Notre stratégie scientifique mise plus que jamais sur la pluridisciplinarité pour rapprocher les différentes compétences engagées dans le combat contre le cancer et accélérer le transfert des avancées scientifiques au bénéfice des patients. C’est notamment pour cela que la Fondation ARC s’implique également dans le soutien aux sciences humaines et sociales. Car si le cancer est une maladie complexe sur le plan médical, il l’est tout autant sur les plans humain et social.
Face à la diversité des enjeux scientifiques et médicaux, la volonté de la Fondation ARC est de soutenir l’ensemble des projets qui auront un impact réel sur la recherche et la pratique thérapeutique. Notre passage en fondation marque également une nouvelle ambition en matière de partenariat qui nous permet d’envisager des projets de plus grande ampleur. Ainsi, dans les prochaines années, nous allons impulser trois grands programmes.
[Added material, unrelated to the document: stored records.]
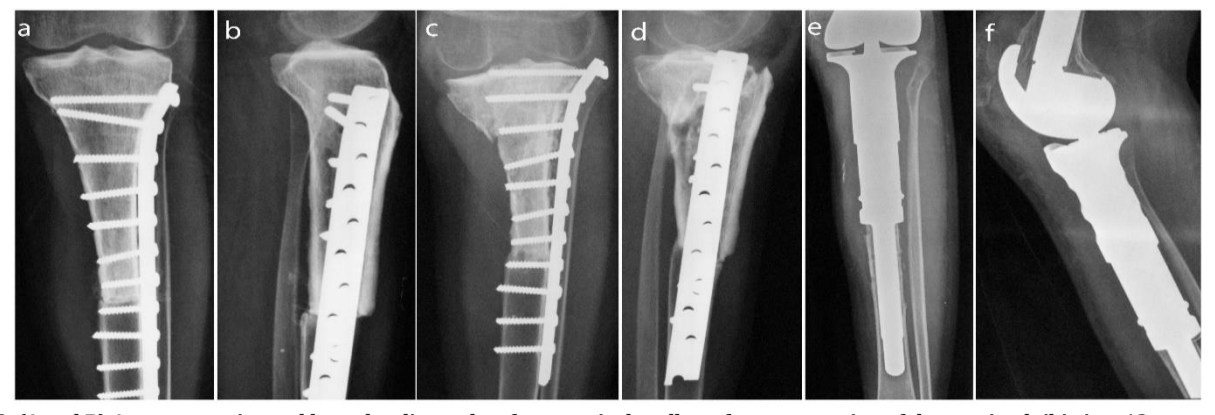
Figure 2. (A and B) Anteroposterior and lateral radiographs of osteoarticular allograft reconstruction of the proximal tibia in a 12-year-old boy; (C and D) Anteroposterior and lateral radiographs of the same patient after fracture of the osteoarticular allograft; (E and F) Anteroposterior and lateral radiographs after three years of implanting MUTARS cementless prosthesis

After the operation, the knee was protected with a knee immobilizer for two weeks for the distal femur and for four weeks for proximal tibia reconstruction. Active and passive range of motion (ROM) were started after removing the knee immobilizer. Isometric exercises and toe-touch weight-bearing were also allowed from the third day after the operation. The patients were asked to remain on toe-touch weight-bearing for six weeks and partial weight-bearing for up to 50% of the body weight for another six weeks after the operation. Follow-up visits were performed every three months for the first year, every six months for the second year, and yearly afterward.
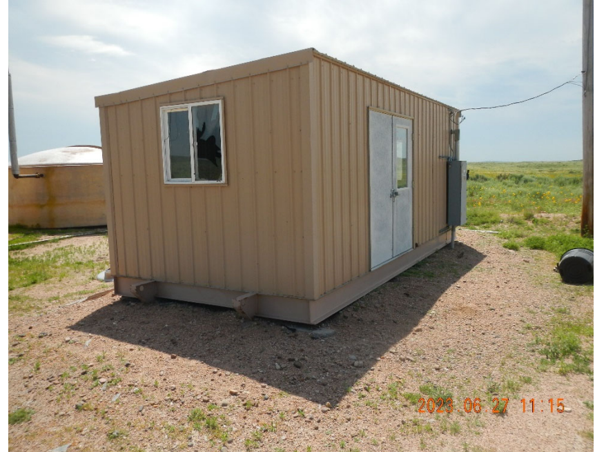
8. Metal building containing injection equipment.
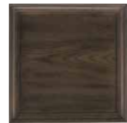
A2: Modern Elm A2 (M) Developed to take advantage of elm veneer grain patterns, this warm greyish-brown high sheen creates a soft, transitional look.
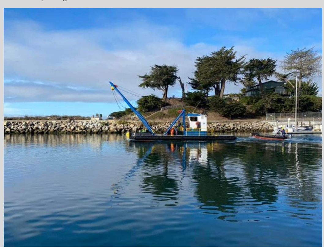
Pictured above the District's workboat Dauntless

unless otherwise marked. Stay at least 50' from the dredge. When dredging is underway, contact the crew for passing instructions on VHF channel 8.
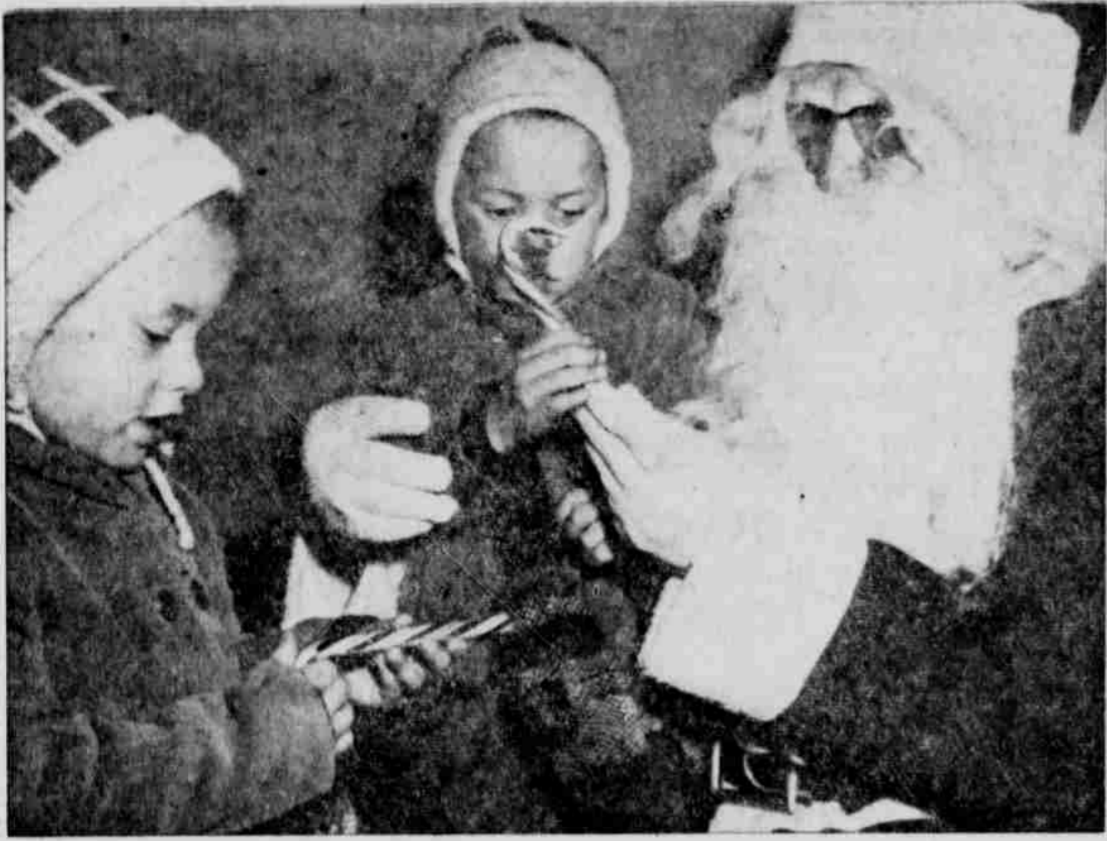
SANTA'S CANDID CAMERA —Dealing with Street. He just makes double promises and that's twin boys is no problem for Santa at Santaland that. Naturally, it's up to parents to take it up in the Chamber of Commerce office on Main from there.

THE PLATTSMOUTH, NEBRASKA, SEMI-WEEKLY JOURNAL PAGE EIGHT Thursday, December 8, 1960
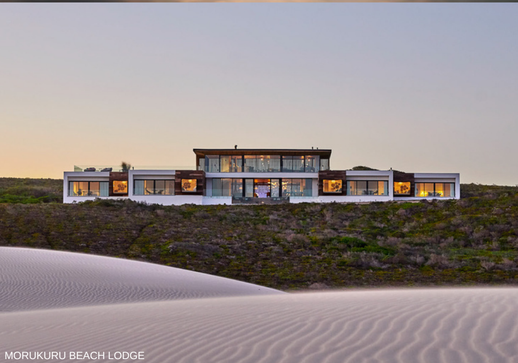
MORUKURU BEACH LODGE
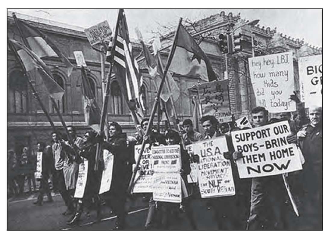
[A photograph of student protesters in the USA in 1969]
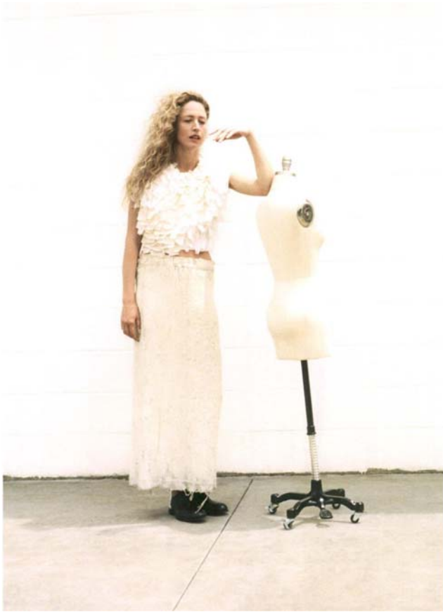
Rapel lleva vestido de través de LOEWE, y zapatos de CHURCH'S. Es el maripal, vestido realizado de un solo hombro del arquero de MAISON MARTIN MARGIELA.
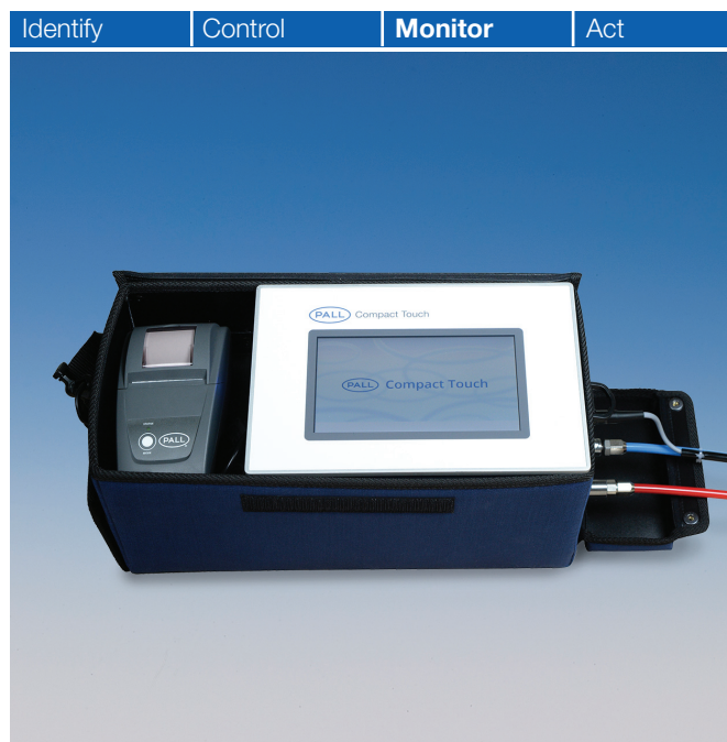
Compact Touch Integrity Test Device CT001

Protect Your Product. Protect Your Brand.
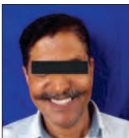
Fig. 9a : one day post op frontal view
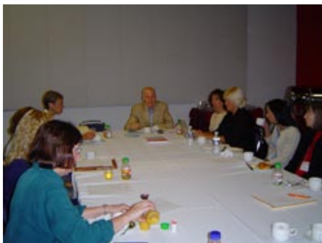
Section Council Meeting
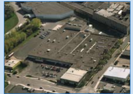
LIPCO's Plant 6, home to I.C. System and La Crosse Footwear
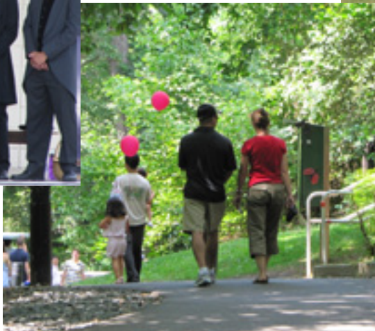
Glen Echo Park
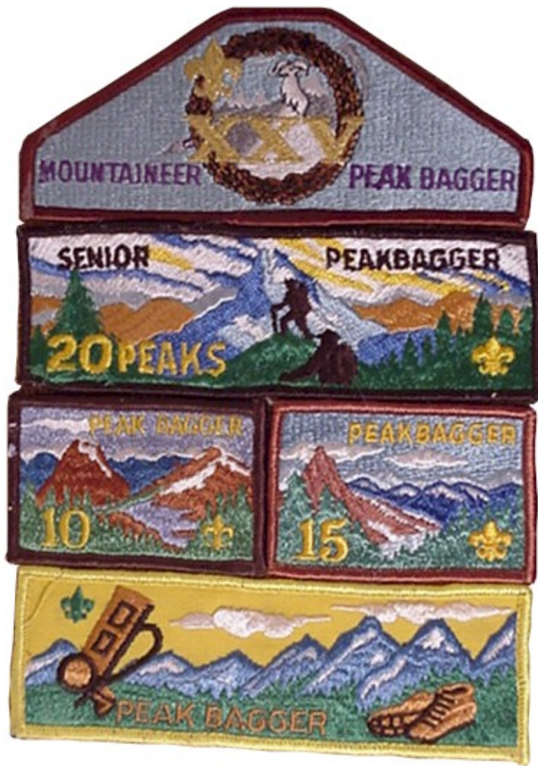
FIG. 10-28 PEAK BAGGER
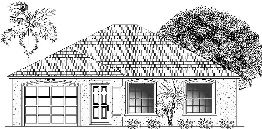
ELEVATION : B

Because we constantly improve our homes, floor plans are subject to change. We reserve the right to change designs, features, materials & pricing without prior notice. Room dimensions are approximate and may be based on outside dimensions.
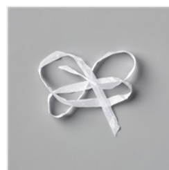
Whisper White 1/4" (6.4 Mm) Crinkled Seam Binding Ribbon - 151326

Toutes ces actions de soutien à l’écosystème de la recherche en cancérologie visent à faire émerger une nouvelle ère de la médecine, appelée la médecine 4P : préventive, prédictive, personnalisée et participative.
C’est ainsi que nous comptons maintenir et renforcer notre rôle de passerelle entre la générosité de nos donateurs et la créativité des chercheurs et médecins. Avec un objectif commun : guérir deux cancers sur trois dans la prochaine décennie.